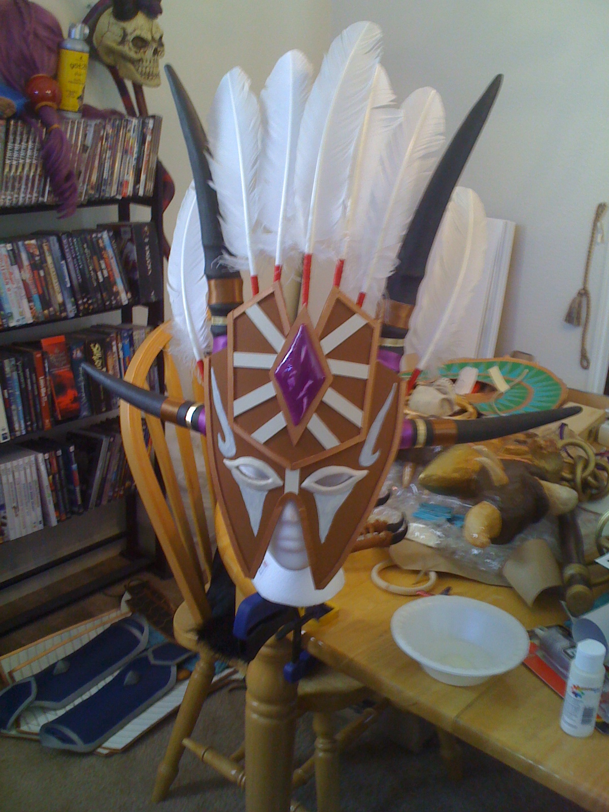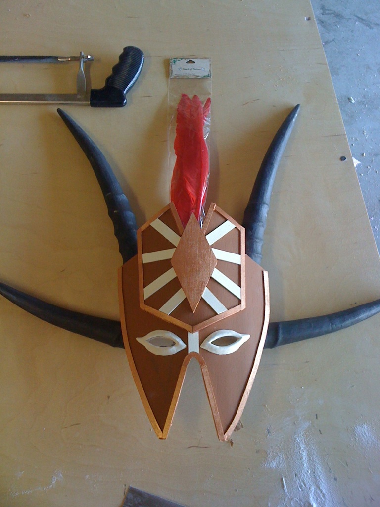We ordered horns from here (we would have gotten larger, real ones if we could, but it was entirely too much money, and neither of us is good enough at sculpting and keeping it light to go that route) and cut them, then attached them to the back of the mask using two part epoxy. They were amazingly light on my head. The red feather is there to try and decide if they were the right height, since we still had to go out and get the white ones.
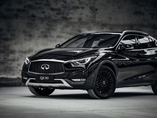 Обои Блестящий черный автомобиль Infiniti QX30 Night Edition, 2017
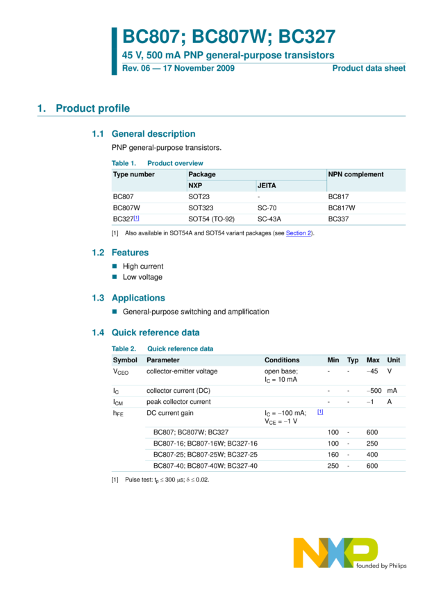 Tranzystor PNP, 0.5A, 45V, SOT23
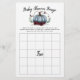 Divirta-se no seu chá de fraldas com este cartão de jogo bingo. Ilustração de uma abóbora azul com falso brilho prateado. O jogo de bingo aos hóspedes para adivinhar quais os presentes que as mamães irão receber. Ilustração original e design do Namibear Art Studio. ©BELGA_REDE
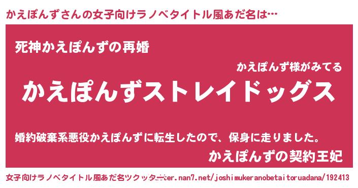 | 男性向けラノベタイトル風あだ名 | 『Re:かえぽんずから始める異世界生活』 |

--------------------------------

The first line of the listing through the line with "Обои Блестящий черный": repeat exactly that span and nothing more, skipping pictures.

We ordered horns from here (we would have gotten larger, real ones if we could, but it was entirely too much money, and neither of us is good enough at sculpting and keeping it light to go that route) and cut them, then attached them to the back of the mask using two part epoxy. They were amazingly light on my head. The red feather is there to try and decide if they were the right height, since we still had to go out and get the white ones.
 Обои Блестящий черный автомобиль Infiniti QX30 Night Edition, 2017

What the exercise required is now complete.